__Given data__.
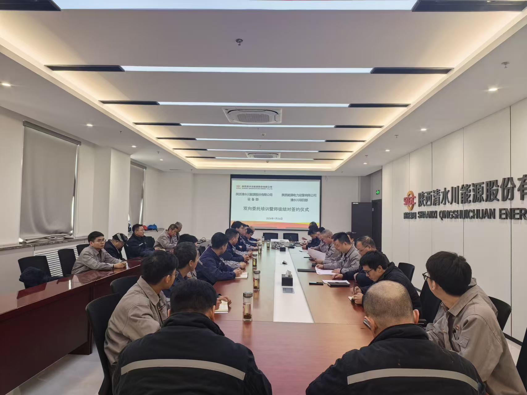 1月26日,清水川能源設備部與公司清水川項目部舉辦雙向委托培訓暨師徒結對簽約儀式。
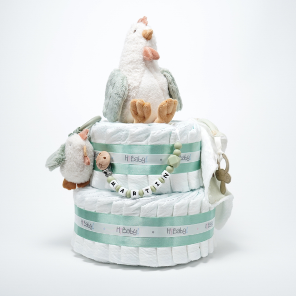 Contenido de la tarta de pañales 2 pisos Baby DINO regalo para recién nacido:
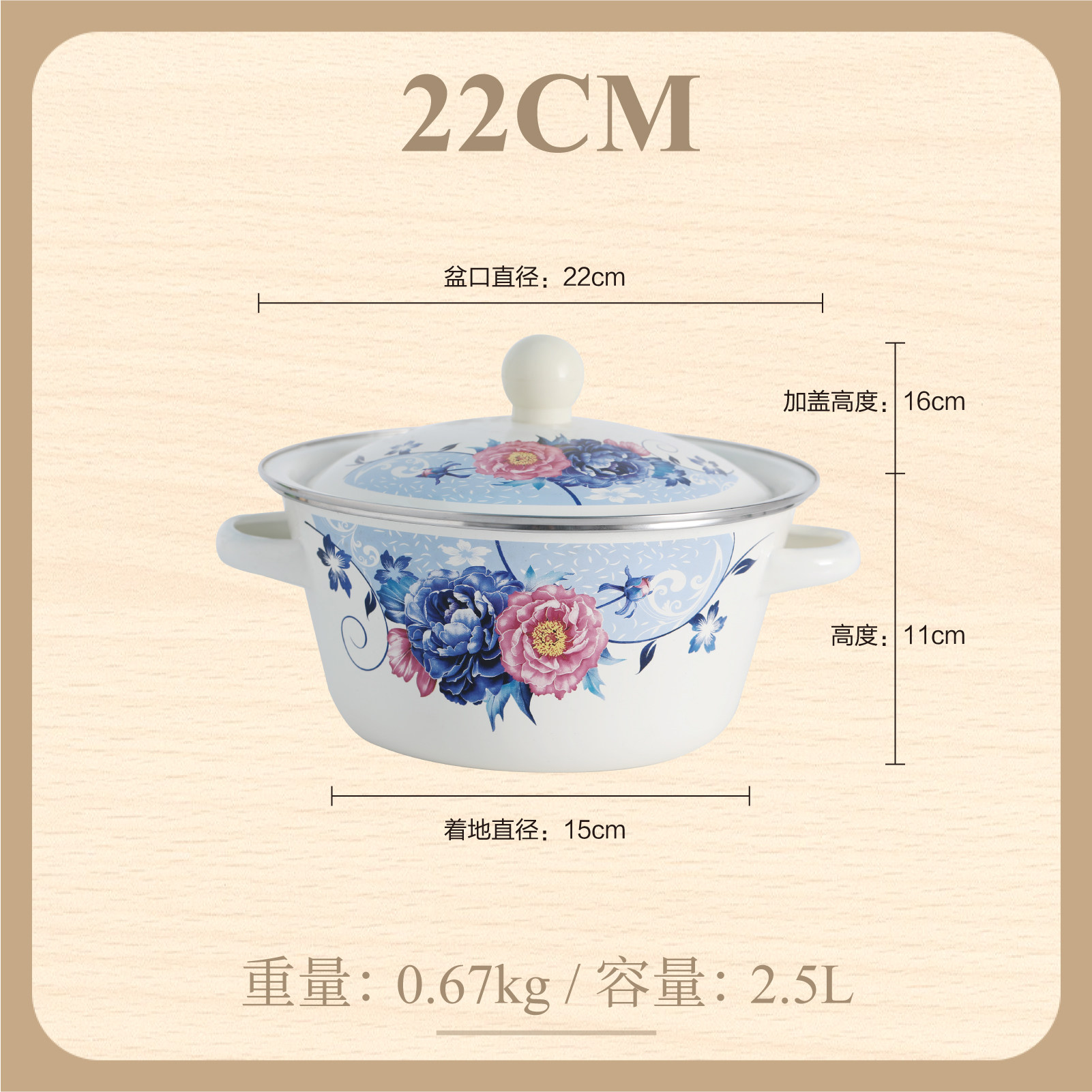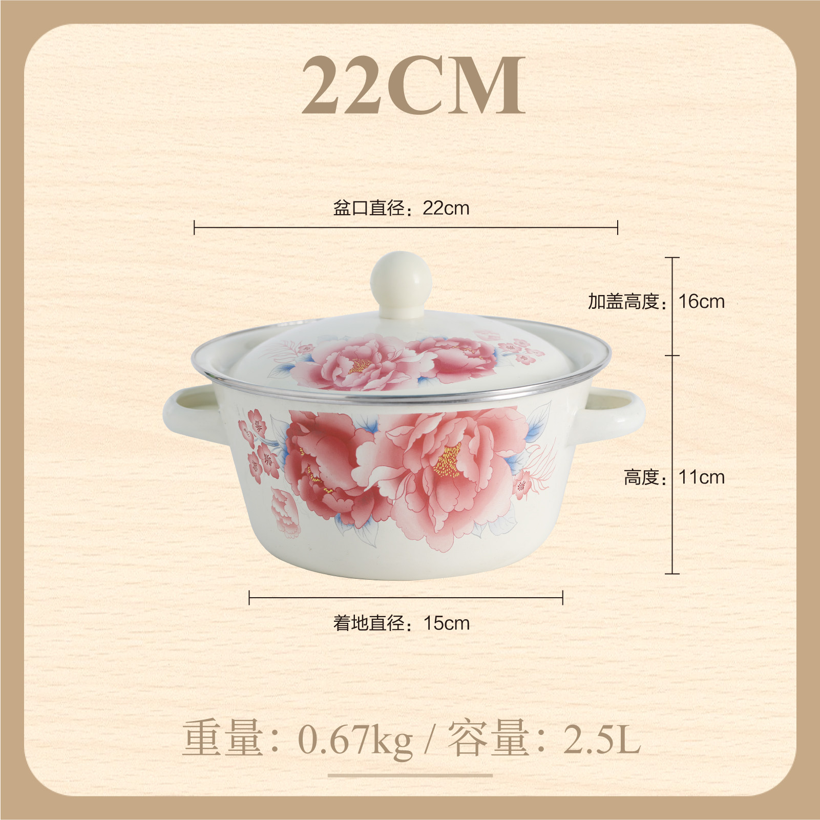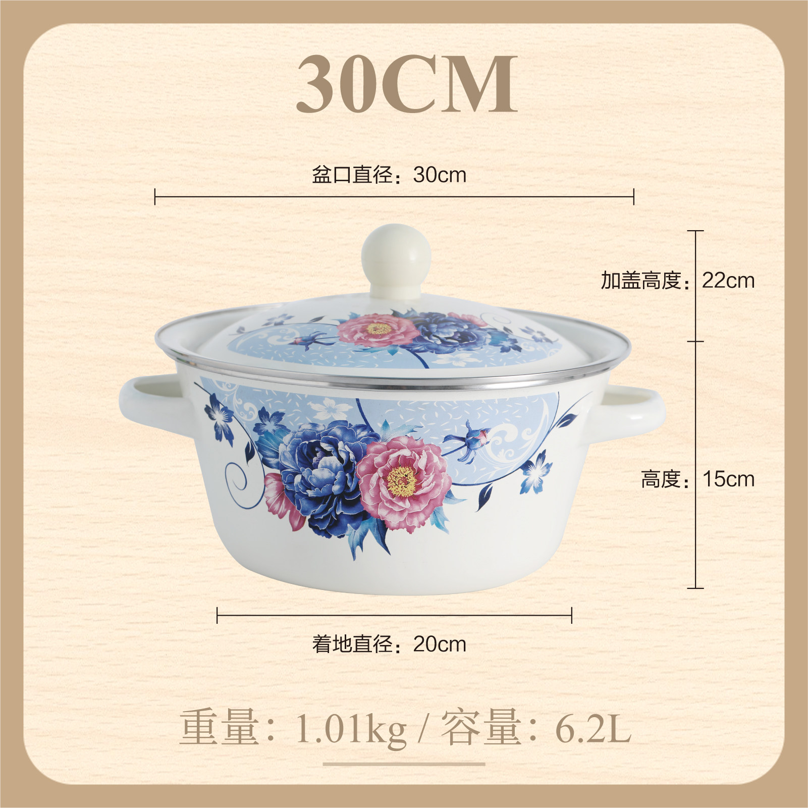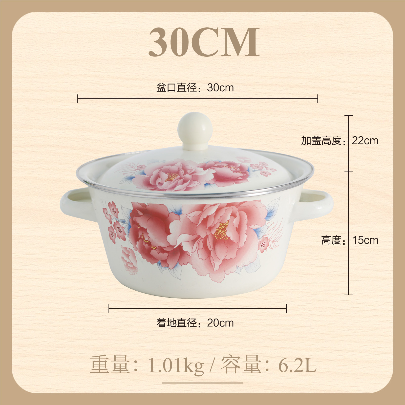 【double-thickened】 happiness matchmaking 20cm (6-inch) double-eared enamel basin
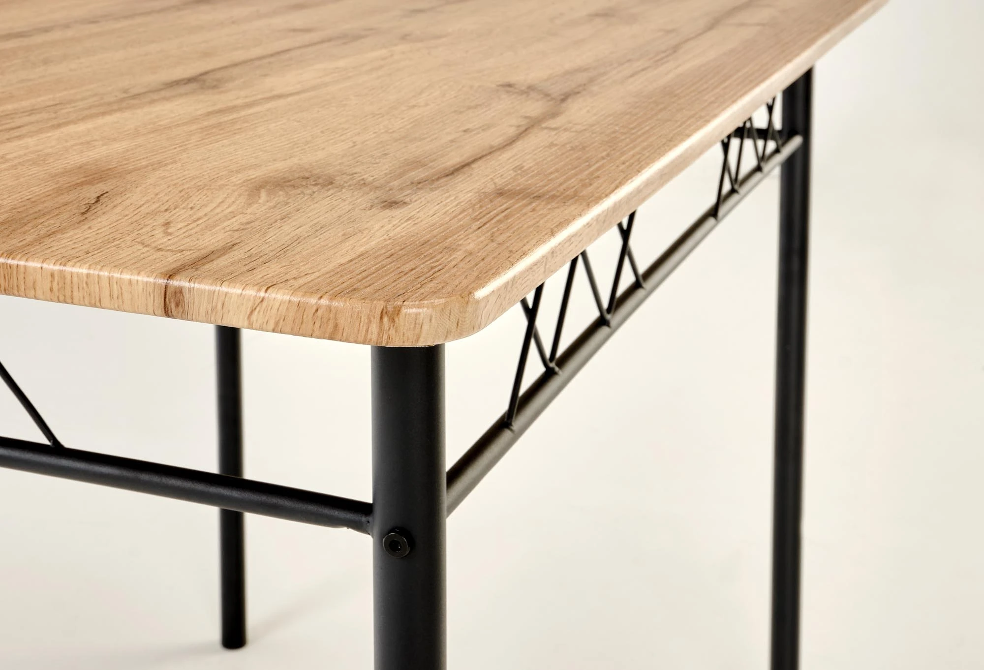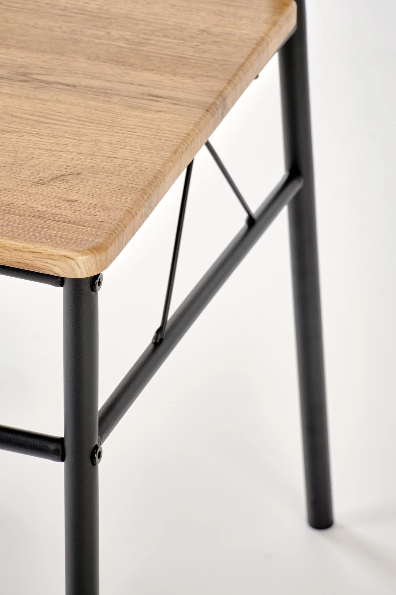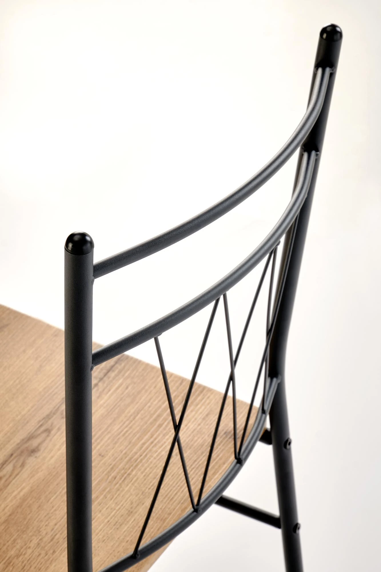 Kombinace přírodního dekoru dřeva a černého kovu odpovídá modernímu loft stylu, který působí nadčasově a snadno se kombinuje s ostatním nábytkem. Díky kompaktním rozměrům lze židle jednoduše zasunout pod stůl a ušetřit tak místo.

__Work request__.
Only the text of the listing above should be copied, exactly and with pictures left out.

__Reply__.
 1月26日,清水川能源設備部與公司清水川項目部舉辦雙向委托培訓暨師徒結對簽約儀式。
 Contenido de la tarta de pañales 2 pisos Baby DINO regalo para recién nacido:
 【double-thickened】 happiness matchmaking 20cm (6-inch) double-eared enamel basin
 Kombinace přírodního dekoru dřeva a černého kovu odpovídá modernímu loft stylu, který působí nadčasově a snadno se kombinuje s ostatním nábytkem. Díky kompaktním rozměrům lze židle jednoduše zasunout pod stůl a ušetřit tak místo.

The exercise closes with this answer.